Bio


I am a Postdoctoral Scholar working with Prof. Akshay Chaudhari and Prof. David Larson in the Department of Radiology at Stanford focusing on evaluating the robustness of large-scale AI models and identifying early disease biomarkers.

Until August 2023, I was a Postdoctoral Scholar in the Computational Neuroimage Science Laboratory (CNS Lab) with Prof. Kilian M. Pohl working on multi-modal machine learning models that can improve the understanding, diagnosis, and treatment of neuropsychiatric disorders.

Previously I completed my PhD at the Chair for Computer Aided Medical Procedures at the Technical University of Munich under the supervision of Prof. Nassir Navab and my dissertation was titled "Learning Robust Representations for Medical Diagnosis". I am passionate about designing trustworthy deep learning methods for challenging applications.

Honors & Awards


  • Best Paper Award, PRedictive Intelligence In MEdicine - PRIME - MICCAI (September 2022)
  • Best Paper Award, Uncertainty for Safe Utilization of Machine Learning in Medical Imaging - UNSURE - MICCAI (September 2021)
  • Graduate Student Travel Award, Medical Image Computing and Computer Assisted Interventions (MICCAI) (October 2019)
  • Best Poster Award, International Conference on Information Processing in Medical Imaging (IPMI) (June 2019)

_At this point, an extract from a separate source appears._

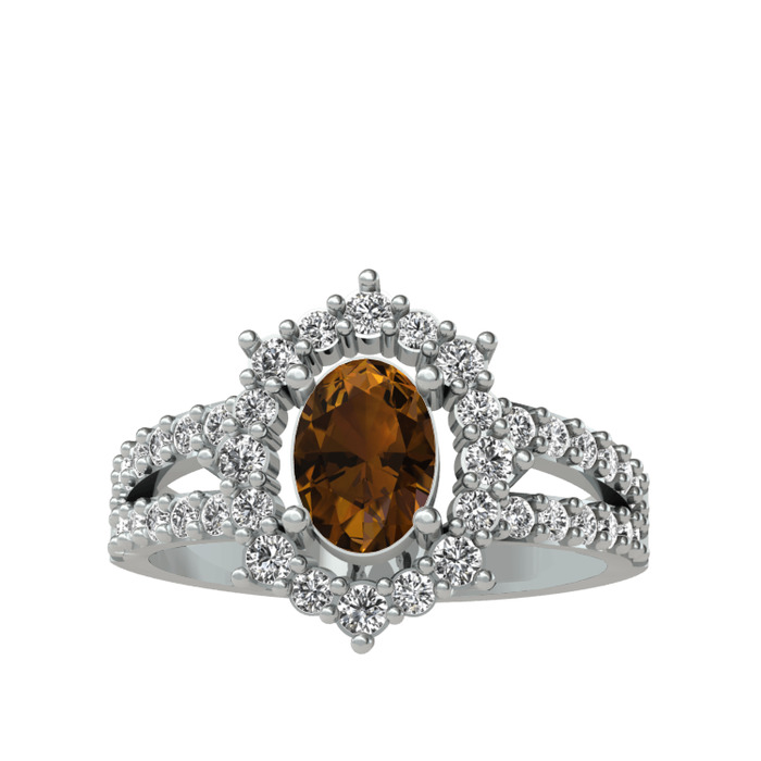 Dumanlı kuvars ve beyaz zirkon 925 ayar gümüş yüzük
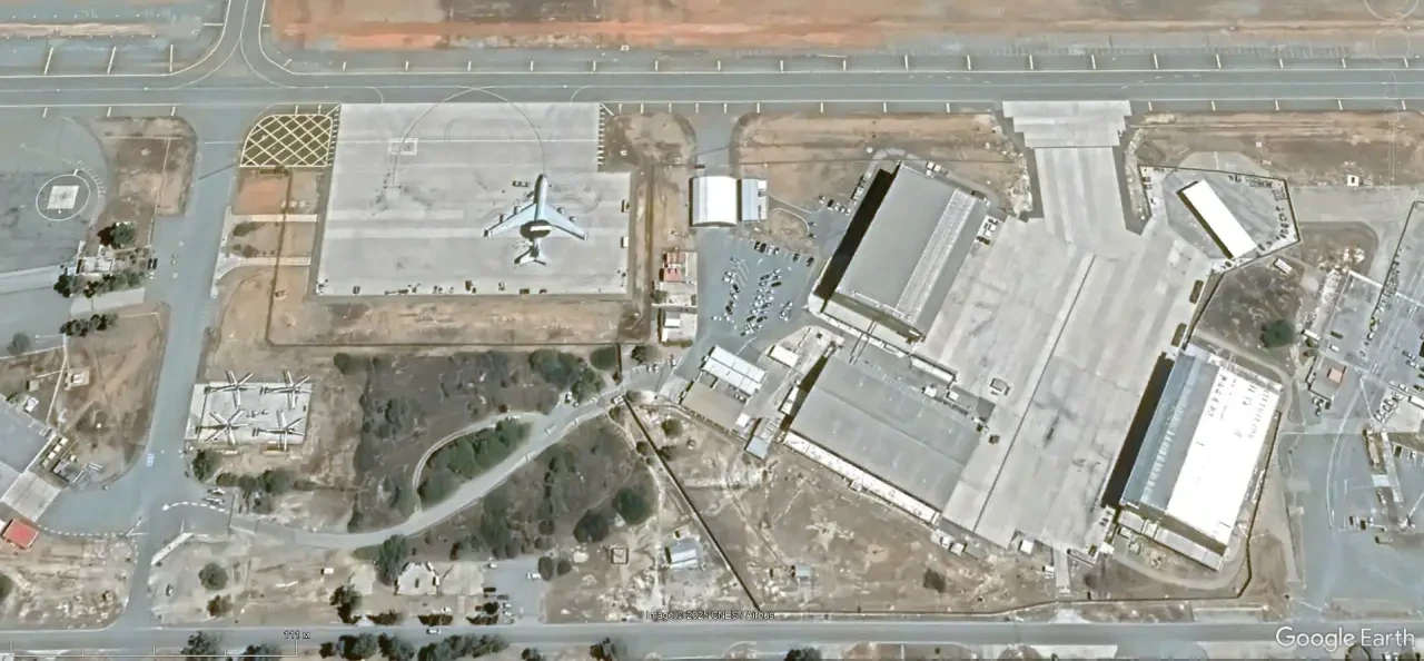 Спутниковый снимок Google Earth: самолёт ДРЛО Boeing E-3G Sentry и другая авиационная техника на территории авиаремонтного предприятия, расположенного на авиабазе Тинкер

Boards, Advisory Committees, Professional Organizations


  • Public Relations Officer, MICCAI Student Board (2017 - 2020)

Professional Education


  • Doctor of Philosophy, Technische Universitat Munchen (2021)
  • Master of Science, Technische Universitat Munchen (2017)
  • Bachelor of Science, Aristoteleio College Thessaloniki (2015)
  • PhD, Technical University of Munich, Learning Robust Representations for Medical Diagnosis (2021)
  • M.Sc., Technical University of Munich, Informatics (2017)
  • B.Sc., Aristotle University of Thessaloniki, Informatics (2015)

Stanford Advisors


Current Research and Scholarly Interests


My research focuses on utilizing machine learning models to enhance the understanding, diagnosis, and treatment of clinical disorders. I am interested in multi-modal learning, combining imaging data like MRI and CT scans with non-imaging data such as electronic health records, creating more holistic and accurate diagnostic models. I am also interested in the robustness of deep neural networks under domain shifts, investigating how models perform when faced with changes in input data distributions.
Finally, I am interested in early biomarker identification using AI model interpretability, to enable the early detection and targeted treatment of chronic disorders.

All Publications


  • Spectral Graph Sample Weighting for Interpretable Sub-cohort Analysis in Predictive Models for Neuroimaging. PRedictive Intelligence in MEdicine. PRIME (Workshop) Paschali, M., Jiang, Y. H., Siegel, S., Gonzalez, C., Pohl, K. M., Chaudhari, A., Zhao, Q. 2025; 15155: 24-34

    Abstract

    Recent advancements in medicine have confirmed that brain disorders often comprise multiple subtypes of mechanisms, developmental trajectories, or severity levels. Such heterogeneity is often associated with demographic aspects (e.g., sex) or disease-related contributors (e.g., genetics). Thus, the predictive power of machine learning models used for symptom prediction varies across subjects based on such factors. To model this heterogeneity, one can assign each training sample a factor-dependent weight, which modulates the subject's contribution to the overall objective loss function. To this end, we propose to model the subject weights as a linear combination of the eigenbases of a spectral population graph that captures the similarity of factors across subjects. In doing so, the learned weights smoothly vary across the graph, highlighting sub-cohorts with high and low predictability. Our proposed sample weighting scheme is evaluated on two tasks. First, we predict initiation of heavy alcohol drinking in young adulthood from imaging and neuropsychological measures from the National Consortium on Alcohol and NeuroDevelopment in Adolescence (NCANDA). Next, we detect Dementia vs. Mild Cognitive Impairment (MCI) using imaging and demographic measurements in subjects from the Alzheimer's Disease Neuroimaging Initiative (ADNI). Compared to existing sample weighting schemes, our sample weights improve interpretability and highlight sub-cohorts with distinct characteristics and varying model accuracy.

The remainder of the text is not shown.